Father putting his child in a car seat
On November 14 of last year, a Texas woman loaded her four children into the car and went for a drive. The children ranged in age from 8 months to 6 years. None were wearing seat belts and the baby was not in a car seat. Suddenly one of the unlocked doors flew open, hurling the 8-month-old infant onto the highway where he was struck and killed by oncoming traffic.

A similar incident occurred last month in Kentucky where a Mom crashed the car, killing her 8-year-old child and injuring an 11-year-old. Neither of the kids were wearing seat belts.

And, that same day, a Greensboro man ran a red light on Freeman Mill Road and crashed into a car that was turning onto Randleman Road. His 4-year-old niece was killed. She was not wearing any kind of restraint.

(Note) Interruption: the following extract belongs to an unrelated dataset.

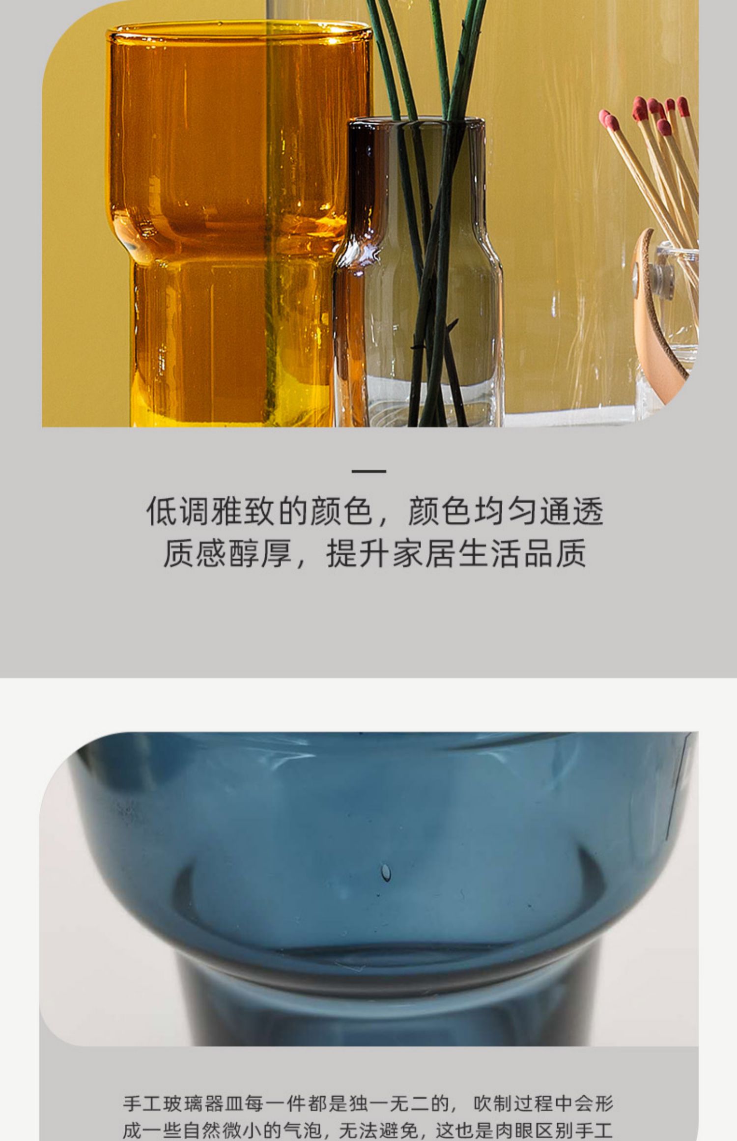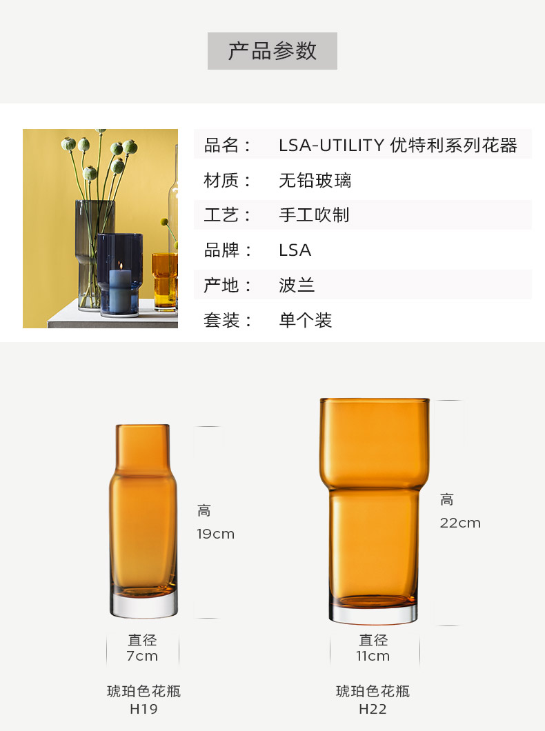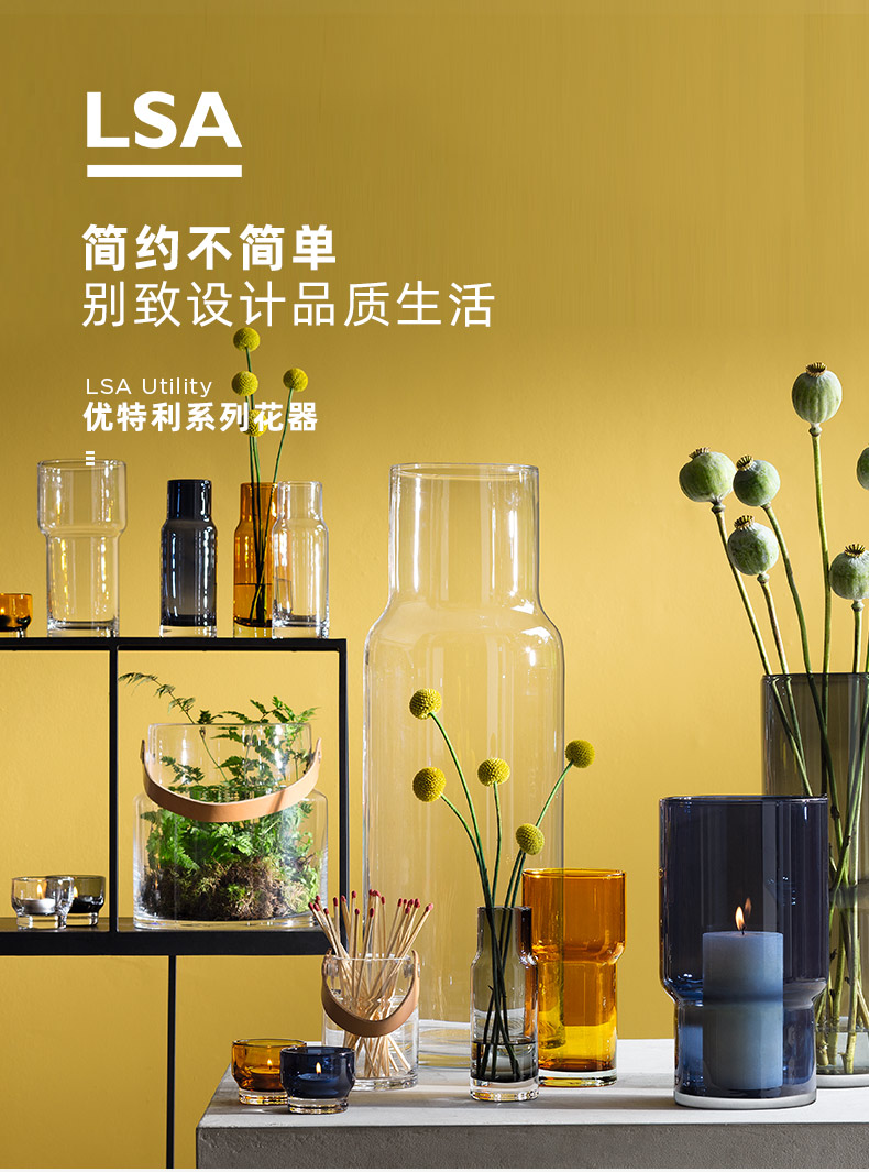 LSA Utility手工玻璃花瓶家用水培植物花瓶 创意大号透明简约插花花瓶

I wish I could say these three tragic incidents were isolated and rare, but I can’t. The truth is, nationwide over 60,000 children are injured each year in motor vehicle accidents, and that includes over 600 fatalities. Here in North Carolina, car crashes are the leading cause of unintentional death for children. Even more tragic is that most of these deaths could have been prevented. According to the North Carolina Department of Insurance, nine out of 10 children are unrestrained when riding in a vehicle. Given that statistic, one would think that child restraints are optional. Just the opposite. In fact, child safety seats are required in all 50 states. But even if a parent wasn’t aware of the law, wouldn’t common sense prevail? Parents are instinctively supposed to protect their children. They shouldn’t have to be told by the National Highway Traffic Safety Administration that car seats reduce the risk of fatal injury by 71% for infants, and by 54% for toddlers (ages 1 to 4). It shouldn’t take the death of a child to make someone a more aware and more responsible parent. We also shouldn’t let negligent parents off with just a slap on the wrist, and that brings me to enforcement.

Just as penalties for drunk drivers vary from state to state and county to county, so too do punishments for parents who endanger their children by not having their toddlers secured in car seats and their children buckled up in seat belts. Fines are often left to the discretion of local judges and are dependent upon a variety of circumstances. 

Following the Freeman Mill road crash, for example, the Greensboro News & Record reported that police officials issued a public reminder about car restraint laws, which include that children younger than 8 years old and who weigh less than 80 pounds must be properly secured in a child restraint or booster seat. Children younger than 5 years old and less than 40 pounds must be in the rear seat. And, when a child reaches age 8 regardless of weight or weighs 80 pounds, he must wear a seat belt. Yet parents who violate these regulations will probably only have 2 points added to their driving record and pay a fine of less than $250. The exception is if a child dies as a result of the violation, in which case prosecutors could charge the parent with endangerment. But even that crime has no strictly prescribed penalty and could result in a sentence of as little as six months in jail. Meanwhile, a parent who is drunk while driving, and crashes their car resulting in the death of a child might only serve seven days behind bars. 

Clearly what we need is for Congress to enact legislation that would make it a federal crime to cause the death of a child due to lack of a proper restraining device. That might not prevent some parents from breaking the law, but the severe penalties that it would carry might make others think twice about refusing to put their toddler in a car seat before pulling out of the driveway.